Ticks Are Really Just Big Mites (Subclass Acari)
Here is the part that surprises most people: a tick’s closest relatives are not spiders but mites. Ticks and mites together make up the subclass Acari within the arachnids. Ticks are simply the largest, blood-specialised members of that group — think of a tick as a mite that evolved to feed on the blood of mammals, birds, and reptiles. That is why a swollen, engorged tick looks nothing like a spider: it is behaving like the parasitic mite it fundamentally is.

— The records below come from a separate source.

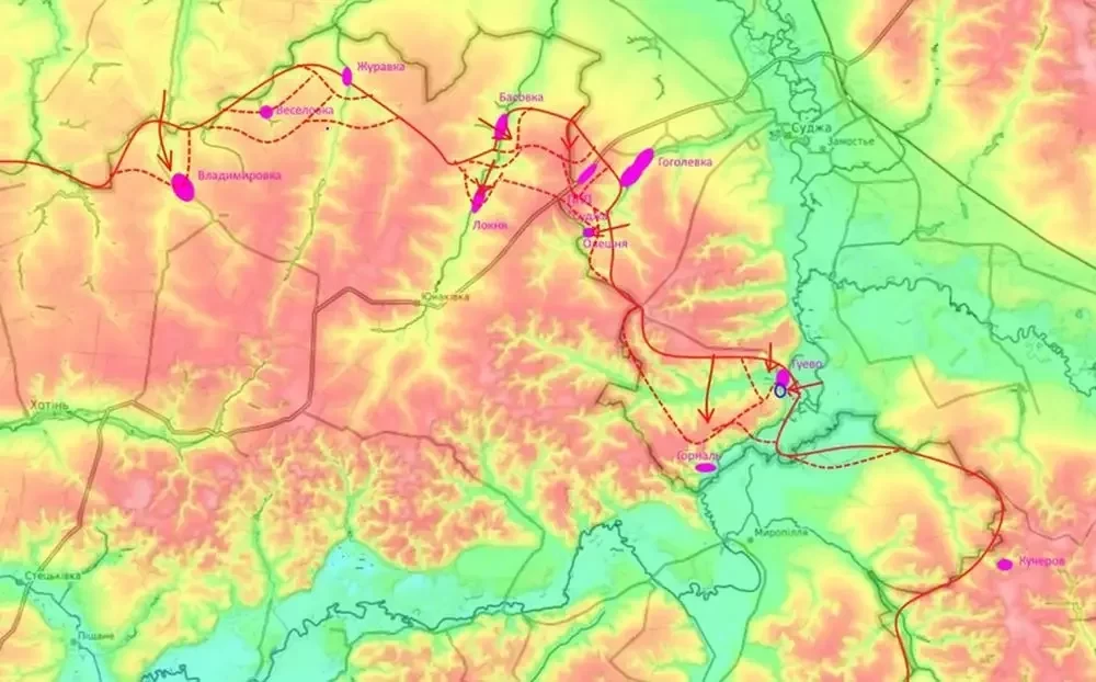 Одновременно, другая группировка ВС РФ, приблизительно в 15 км по прямой северо-западнее, прорвала украинскую оборону и вошла в село Локня Сумской области. Российские войска продвигались на юг со стороны Басивки этого же региона и закрепились в северной части Локни. На момент написания материала идет бой за центральную часть упомянутого села. После успешного овладения Локней, ВС РФ смогут продвинуться к Юнаковке и главному логистическому пути ВСУ в этой местности, автодороге Н-07, из Сум в сторону госграницы России.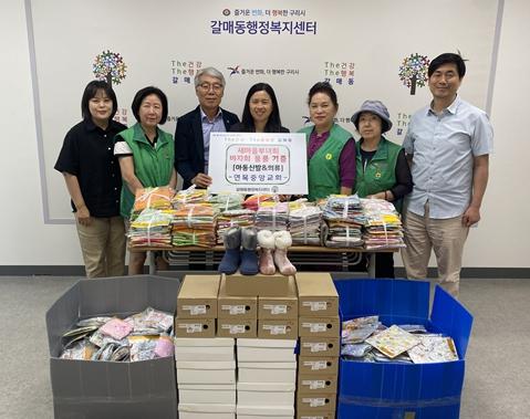 [한국뉴스타임=편집국] 구리시 갈매동 행정복지센터는 지난 16일 면목중앙교회로부터 유아복 및 아동 신발 400점을 기증받았다.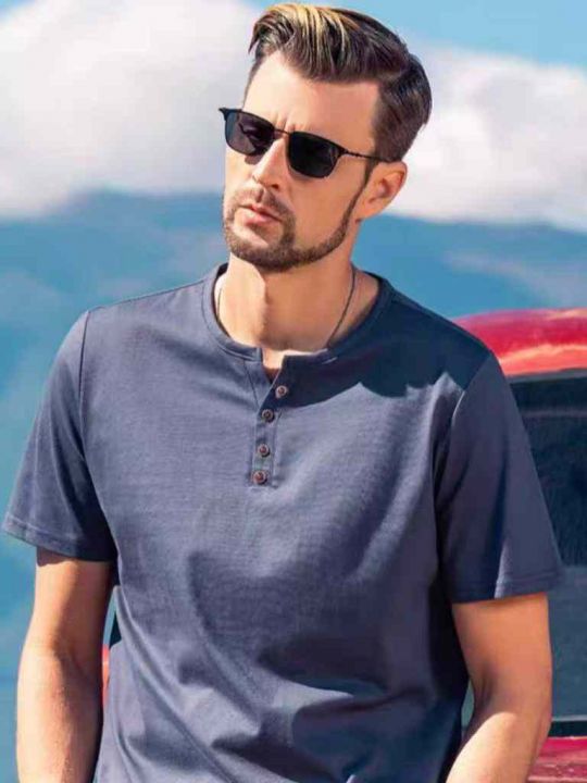 3.5清电商仓回收850件男士纯棉简约舒适大气亨利圆领短袖T恤,码数M-3XL。面...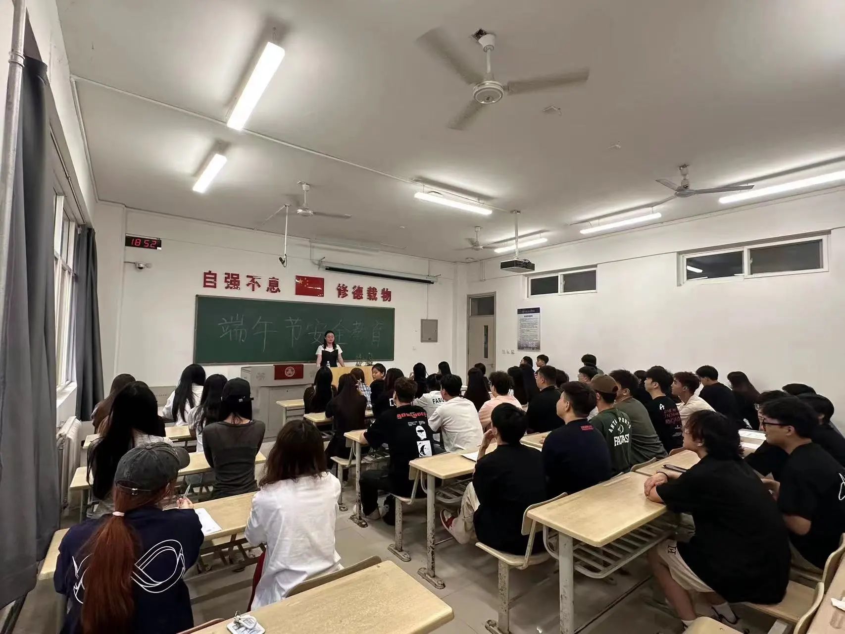 班会上各位辅导员老师从对学生生命财产、交通、食品、防溺水、防火、防盗、防骗等各方面的安全,展开对学生进行安全宣讲教育。1.教育学生拒绝乘坐无牌、无证、超载车辆及非法运营出租车、摩托车,谨防交通事故和人身财产意外伤害事故的发生;2.教育学生遵纪守法及注意网络、信贷安全,文明上网,不造谣、不信谣、不传谣;3.教育学生严禁到周边的湖泊、水库、河边玩水、游泳,注意防溺水、不野泳;4.提醒同学们假期外出要严格遵守交通规则,科学使用交通工具,保持清醒头脑,严防电信诈骗,预防意外事故发生,做到安全离校、平安返校。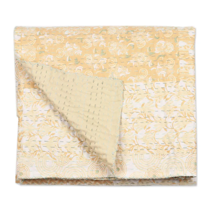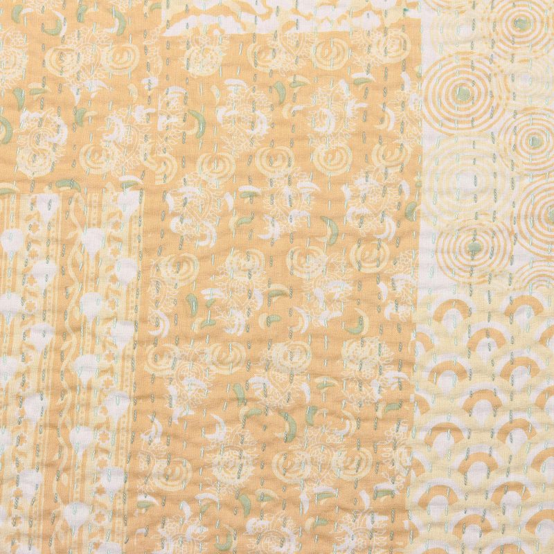 Indian artisan Anil Khandelwal uses lively printed motifs resembling patchwork to create these vibrant bedspreads. Finished with a contrasting running kantha stitch all over. In lovely sunflower and white that reverses from printed to solid. Comes with two matching pillow shams.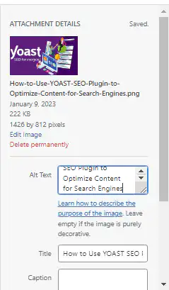 When you upload your compressed image, i.e., the feature image and any other images for content. Do well to name the image with the keyword phrase and use the same as or the title of the post that contains the keyword phrase as the name of the image and the Alt Text. This further improves the SEO score in Yoast.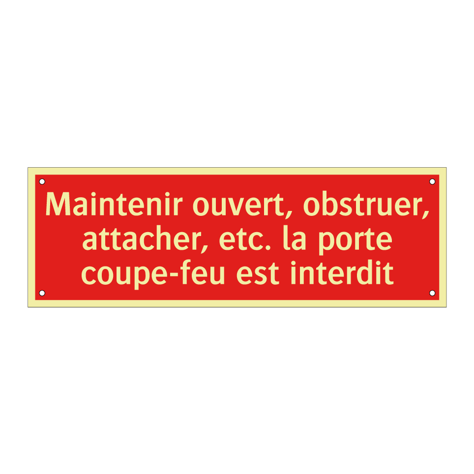 Panneau de signalisation incendie avec le texte Maintenir ouvert, obstruer, attacher, etc. la porte coupe-feu est interdit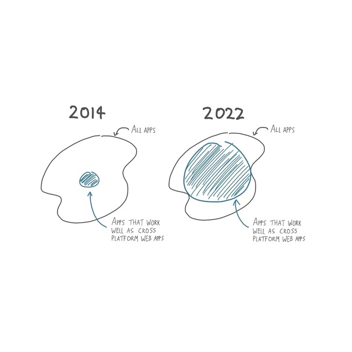 浏览器和 Web 技术每年都在变得越来越强大,每年都有更多类型的应用可以跨平台开发。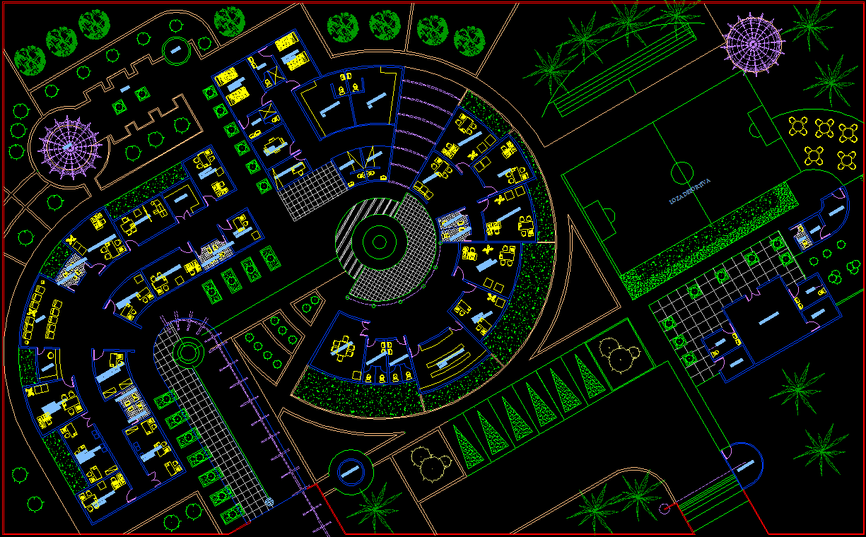This Police Station CAD drawing provides a detailed 2D layout that includes architectural floor plans, parking zones, landscape design, and exterior planning. The drawing presents the station’s complete spatial organization with office spaces, reception areas, detention zones, and circulation corridors. Additionally, it features a landscaped outdoor area with pathways, gardens, and a sports field to enhance the functional environment.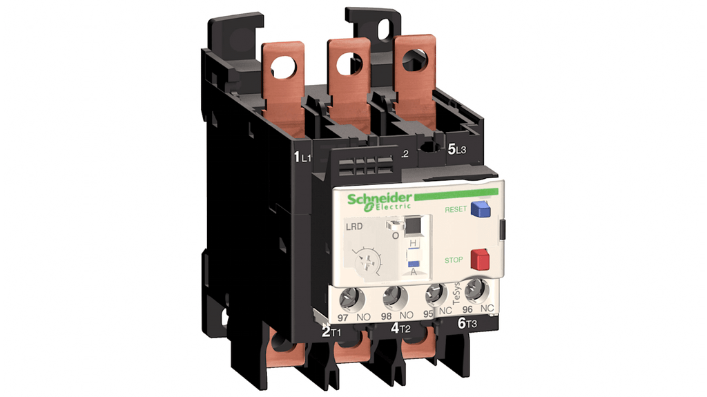 Relè di sovraccarico termico per protezione circuiti c.a. e motori, 1 NA + 1 NC, carico FLC 48 a 65 A, corrente nominale contatto 5 A, quadrante di regolazione termica, selettore di reset manuale-automatico, selettore di test, indicatore a bandiera, impostazioni protette da coperchio trasparente bloccabile. Installazione facilitata con viti multi-standard. Marchio: Schneider Electric, codice costruttore: LRD365L6.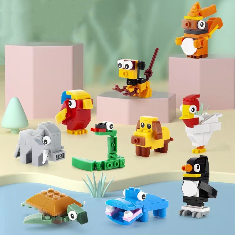 Hobi & Koleksi > Mainan & Games > Mainan Balok > Diy Blok Bangunan Hewan Kecil Pinguin Hippo Gajah Monyet Ular Puppy Tupai Kura Ayam Nuri Dan Lain-Lain 10sekat Bangunan Partikel Kecil Set Bisa Rakit Lan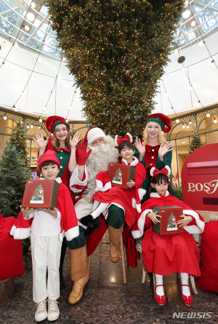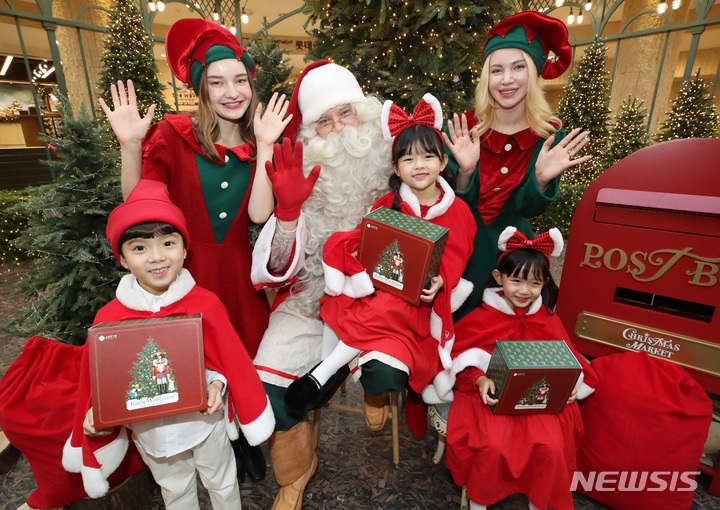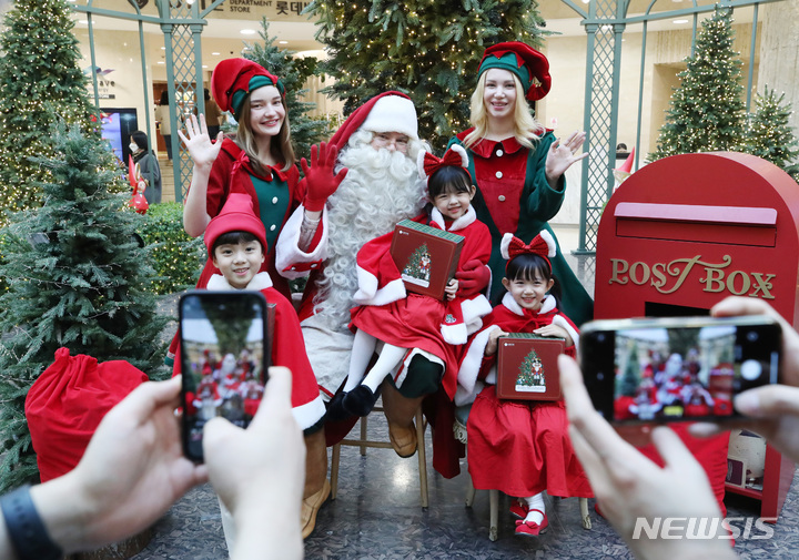 ソウル市中区のロッテデパート本店広場で8日、フィンランドのサンタクロースと子どもたちが一緒に写真を撮っている様子。ロッテデパートはクリスマスを前に、フィンランド公認のサンタからプレゼントをもらい、一緒に写真撮影するイベントを今月17日まで本店・蚕室店・仁川店など24店舗で順次開催する予定だ。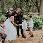 Their ceremony was outside under the trees, Michelle walked up an aisle made up of persian carpets and their arch was adorned with beautiful flowers. Justin teared up when he saw his wife to be, and so did his brother – so sweet.

Spiders (order Araneae) are cousins one branch over on the same arachnid family tree. They share the eight legs and the wingless, antenna-free body, but spiders spin silk, have a two-part body, and hunt or trap prey. Ticks do none of that. So the accurate way to say it: ticks are arachnids, ticks are acarines (mites and ticks), and ticks are related to spiders — but they are not spiders themselves.
What About Seed Ticks With Six Legs?
There is exactly one honest exception to the “eight legs” rule, and it is worth knowing because it trips people up. When a tick first hatches from the egg, it is a larva — often called a seed tick — and at that stage it has only six legs. After its first blood meal it moults into a nymph and grows a fourth pair, reaching the full eight legs it keeps for the rest of its life as a nymph and adult.
So a six-legged seed tick is not evidence that ticks are insects — it is just an immature arachnid that has not finished developing. Because seed ticks are barely the size of a poppy seed and cluster in large numbers, they are easy to mistake for tiny insects or specks of dirt. If you want to tell them apart from actual insects and other look-alikes, our guide to bugs that look like ticks walks through the differences with the features to check.
Why the Arachnid vs Insect Distinction Actually Matters
This is not a pedantic taxonomy debate. Whether ticks are arachnids or insects changes how you get rid of them:
- Insect gadgets do not work on ticks. Bug zappers, CO₂ mosquito traps, and porch fans are built around insect biology — flight and attraction to light or carbon dioxide. Ticks fly nowhere and are not lured to those devices, so they sail right past this whole category of “insect” solutions.
- They live where mites live. Like other acarines, ticks depend on humidity and hide in leaf litter, tall grass, and the shaded lawn-to-woods edge — not out in the open where insect controls are often aimed.
- Repellents still apply. The active ingredients proven against ticks overlap with mosquito repellents — DEET, picaridin, and clothing-applied permethrin all work on ticks — but you have to choose ones specifically tested against ticks, not just “insects.”
- Yard control targets arachnid habitat. Effective treatment knocks down the damp edges and brush lines where ticks quest, which is a different playbook than fogging for adult flying insects.
If you want to confirm what you are actually dealing with before you treat, compare it against our photo-based rundowns of what ticks look like and the deer tick vs dog tick comparison. And if a tick is already attached, keep a fine-tipped removal tool on hand so you can grip it close to the skin and pull straight out. Check tick-removal tools on Amazon →
Quick Recap
- Ticks are arachnids, class Arachnida — not insects (class Insecta).
- Nymph and adult ticks have eight legs; insects have six.
- Ticks sit in the subclass Acari, making them the largest blood-feeding mites.
- They are related to spiders (also arachnids) but are not spiders.
- Ticks have no wings and no antennae, and cannot fly or jump.
- The lone six-legged exception is the newly hatched larval seed tick.